**Directions**
Print out the data that follows exactly, character for character, apart from the pictures.

──────── Records for this task

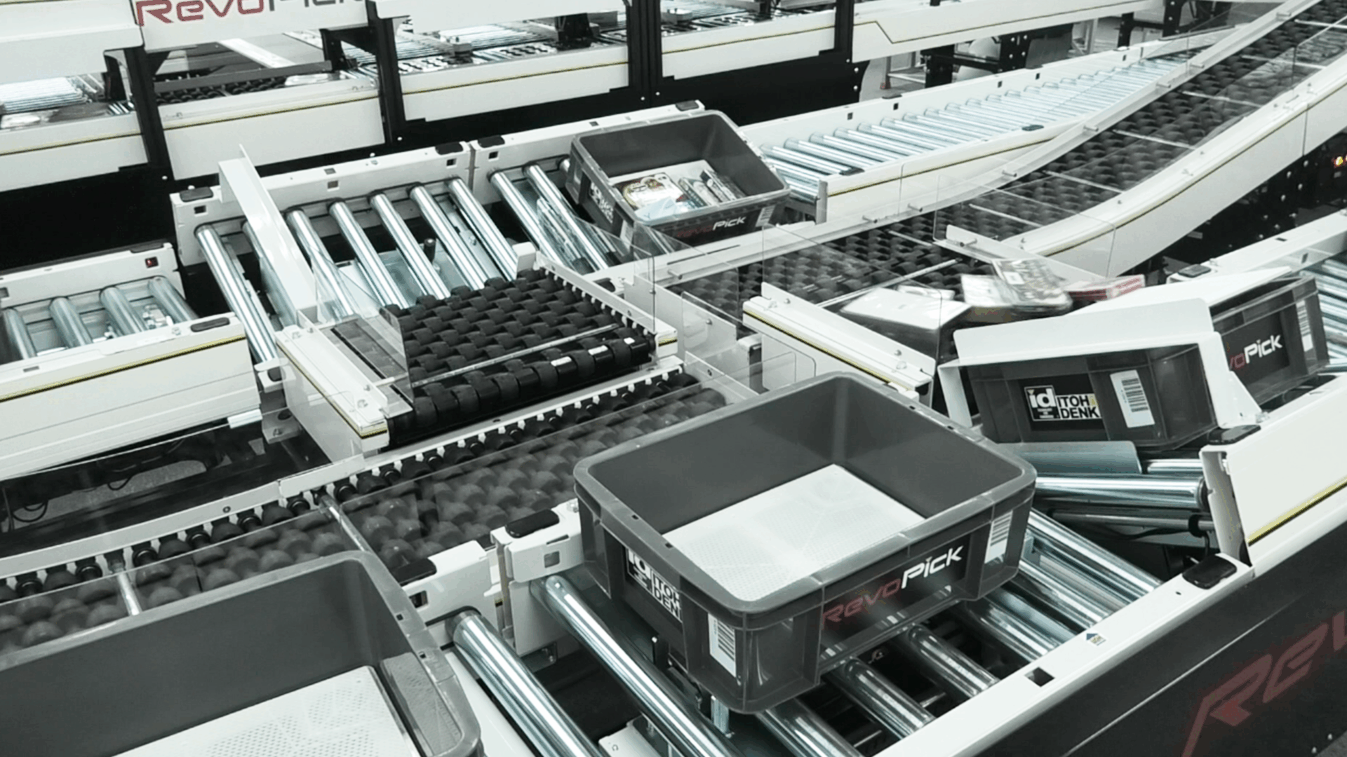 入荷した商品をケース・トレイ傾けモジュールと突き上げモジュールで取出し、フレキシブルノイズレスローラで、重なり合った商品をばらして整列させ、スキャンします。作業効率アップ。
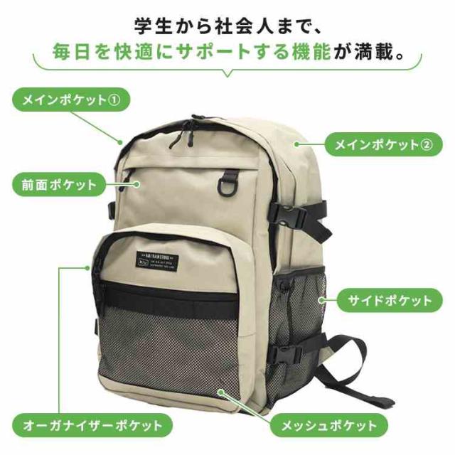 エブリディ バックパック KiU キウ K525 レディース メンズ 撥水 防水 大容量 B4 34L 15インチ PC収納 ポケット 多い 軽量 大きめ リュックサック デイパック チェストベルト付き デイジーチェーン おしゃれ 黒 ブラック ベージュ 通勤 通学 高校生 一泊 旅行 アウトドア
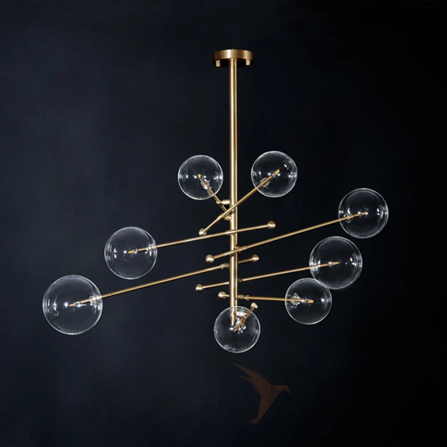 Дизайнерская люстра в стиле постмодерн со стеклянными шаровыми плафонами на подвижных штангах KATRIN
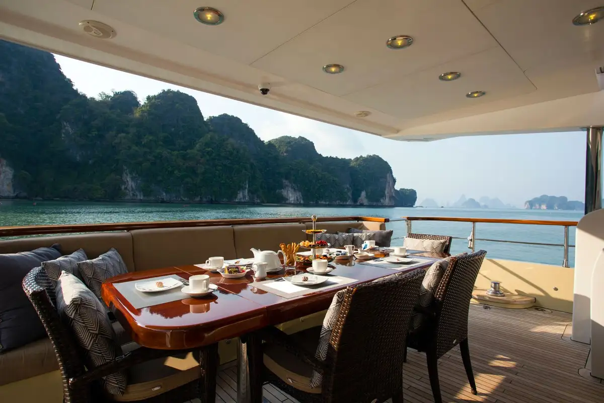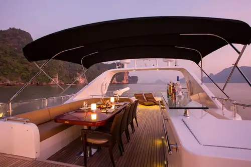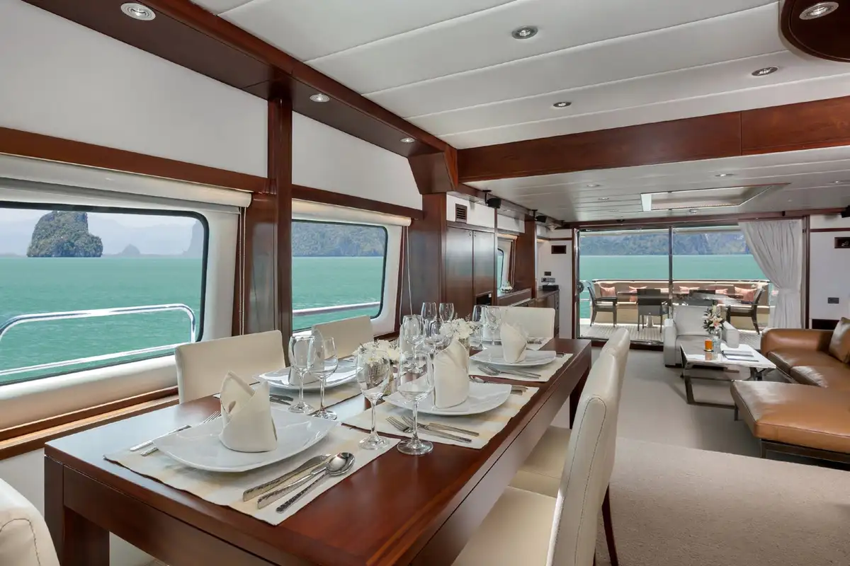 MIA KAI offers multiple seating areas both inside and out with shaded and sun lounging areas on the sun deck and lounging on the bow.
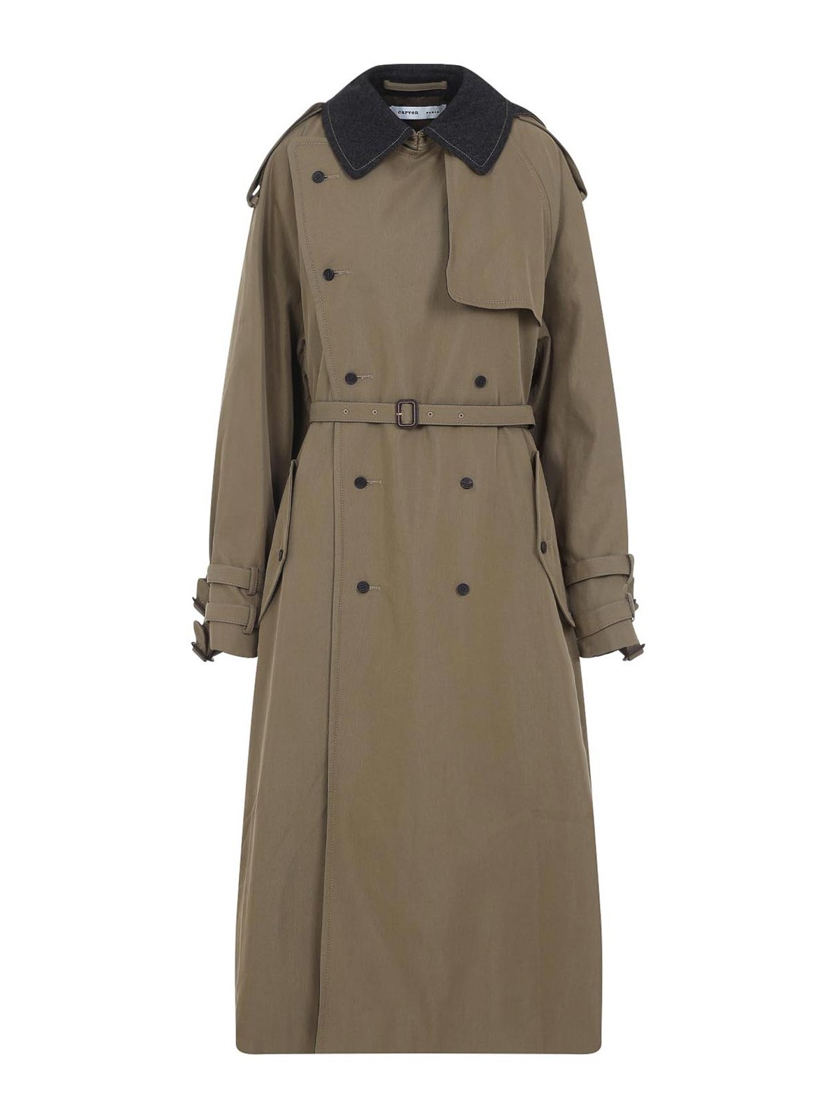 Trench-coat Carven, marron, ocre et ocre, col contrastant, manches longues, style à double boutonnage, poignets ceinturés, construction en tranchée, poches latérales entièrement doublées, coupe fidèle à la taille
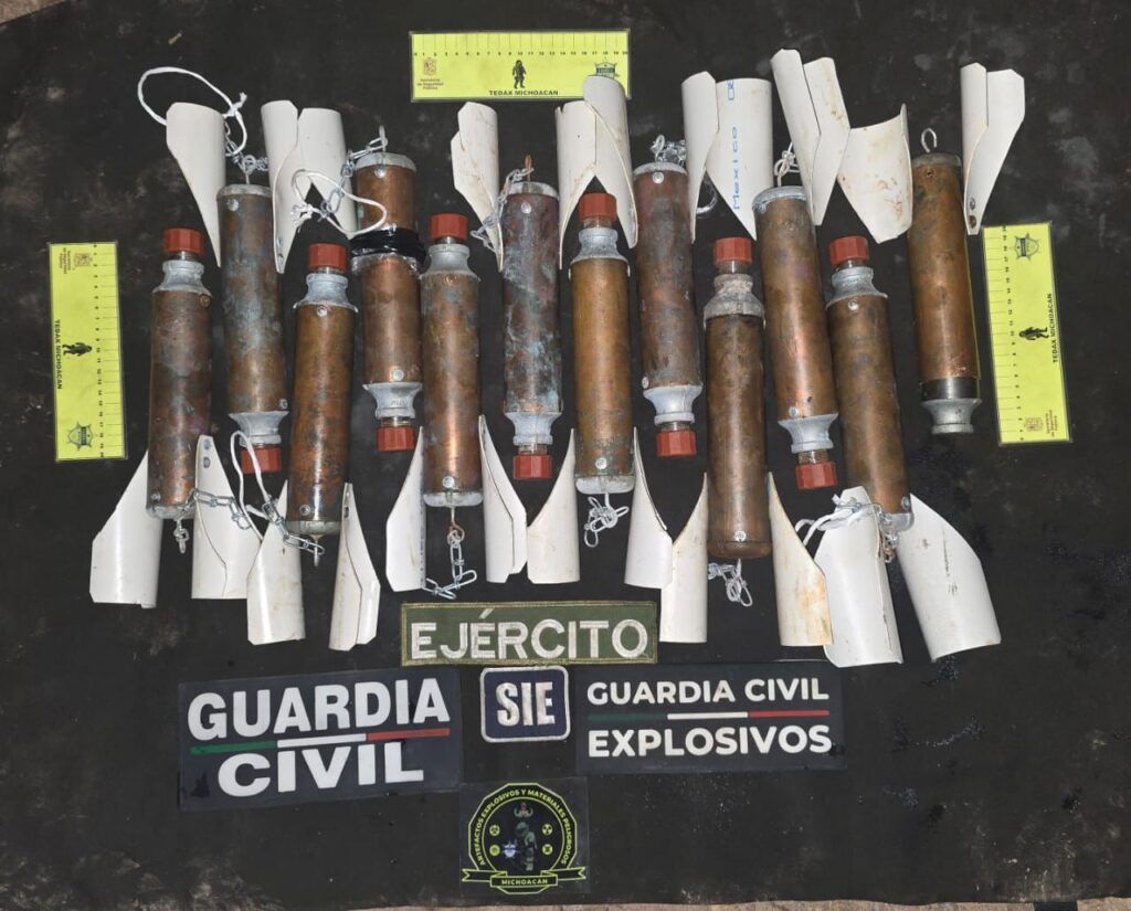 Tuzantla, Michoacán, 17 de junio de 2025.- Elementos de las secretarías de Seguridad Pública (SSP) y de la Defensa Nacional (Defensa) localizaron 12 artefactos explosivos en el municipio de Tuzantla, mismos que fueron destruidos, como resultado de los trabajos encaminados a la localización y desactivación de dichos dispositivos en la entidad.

────────────────

**Completed task**
 入荷した商品をケース・トレイ傾けモジュールと突き上げモジュールで取出し、フレキシブルノイズレスローラで、重なり合った商品をばらして整列させ、スキャンします。作業効率アップ。
 エブリディ バックパック KiU キウ K525 レディース メンズ 撥水 防水 大容量 B4 34L 15インチ PC収納 ポケット 多い 軽量 大きめ リュックサック デイパック チェストベルト付き デイジーチェーン おしゃれ 黒 ブラック ベージュ 通勤 通学 高校生 一泊 旅行 アウトドア
 Дизайнерская люстра в стиле постмодерн со стеклянными шаровыми плафонами на подвижных штангах KATRIN
 MIA KAI offers multiple seating areas both inside and out with shaded and sun lounging areas on the sun deck and lounging on the bow.
 Trench-coat Carven, marron, ocre et ocre, col contrastant, manches longues, style à double boutonnage, poignets ceinturés, construction en tranchée, poches latérales entièrement doublées, coupe fidèle à la taille
 Tuzantla, Michoacán, 17 de junio de 2025.- Elementos de las secretarías de Seguridad Pública (SSP) y de la Defensa Nacional (Defensa) localizaron 12 artefactos explosivos en el municipio de Tuzantla, mismos que fueron destruidos, como resultado de los trabajos encaminados a la localización y desactivación de dichos dispositivos en la entidad.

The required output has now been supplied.